Es un discurso que juega a la sociología, a la psicología, al arte y a
la economía. Juega, por sobre todo, a la
política, idealizando el concepto de correlación de fuerzas y apropiándose para
sí de la representación de la justicia.
Juega
a ejercer el monopolio de representación de las víctimas impidiendo siempre a
que estas se asuman en su condición de sujetos-ciudadanos y practicando una
memoria apegada a las circunstancias que los hicieron objeto de ataque sin
demostrar ni un poco de reflexión crítica sobre esa memoria.
Se
instaura como horrible noche que no cesa de repetirse ni de mantener apagadas
todas las luces de la razón y de los buenos sentimientos.

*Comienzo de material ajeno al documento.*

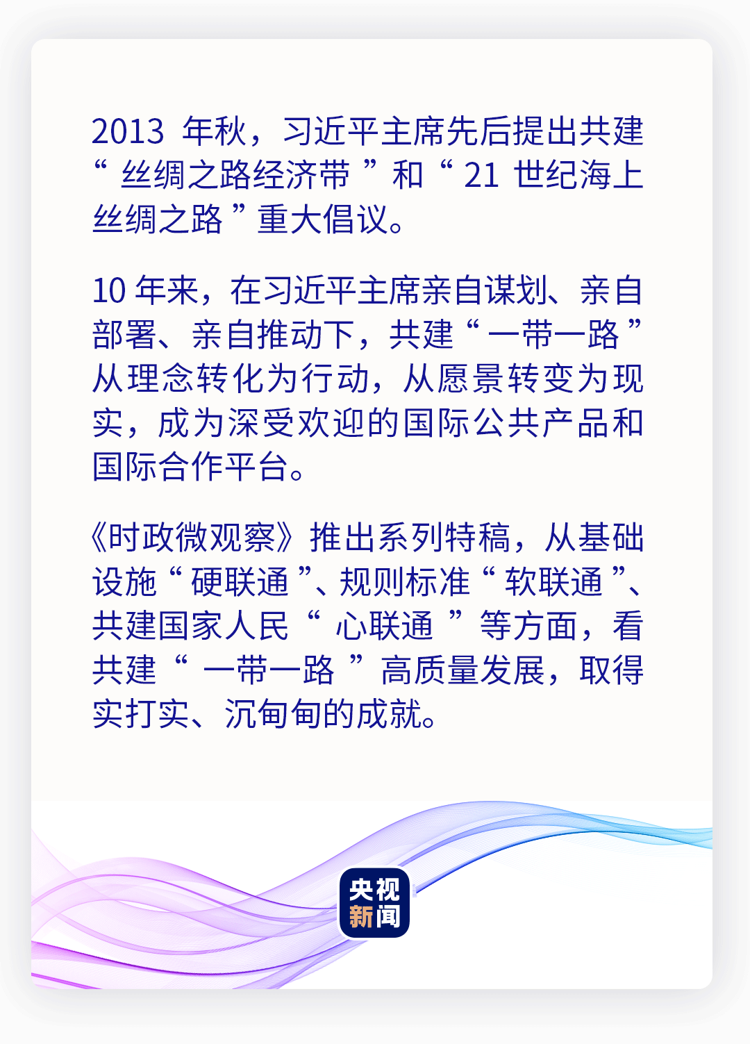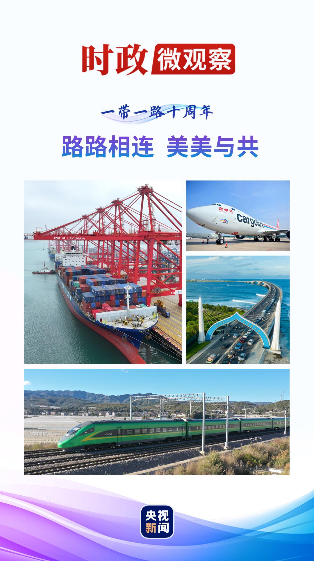 10年来,中国与共建国家以基础设施“硬联通”为重要方向,携手前行。在“钢铁驼队”的汽笛声里、在跨海大桥上的车流中、在“空中丝绸之路”的万米高空、在“数字丝绸之路”的“云端”……一条条幸福路、繁荣路,铺就一幅共建“一带一路”的壮阔画卷。

Practica la sonrisa de la Monalisa cuando oye
los argumentos de quienes repudian la violencia como forma de relación con los
demás, declara perdedores (y trata como tales) a quienes demuestran su renuncia
a hacer parte de la ordalía y de la competencia desleal, ignora que el fusil no
es otra cosa que el sustituto de un falo erguido del que presume todo aquel que
cambia el placer con el esfuerzo por el placer masturbatorio inmediatista (“mi revólver es más largo que el tuyo” fue
el título de un hermoso cuento de cuyo autor he olvidado el nombre), y, dado
que no recibe júbilo y reconocimiento de quienes esperaba recibirlo, paga lo
que sea para que se propague la idea de que es un verdadero héroe.
Su
causa no es directamente la de la muerte sino la de considerar como único modo
de vida el conseguirla mientras se propina.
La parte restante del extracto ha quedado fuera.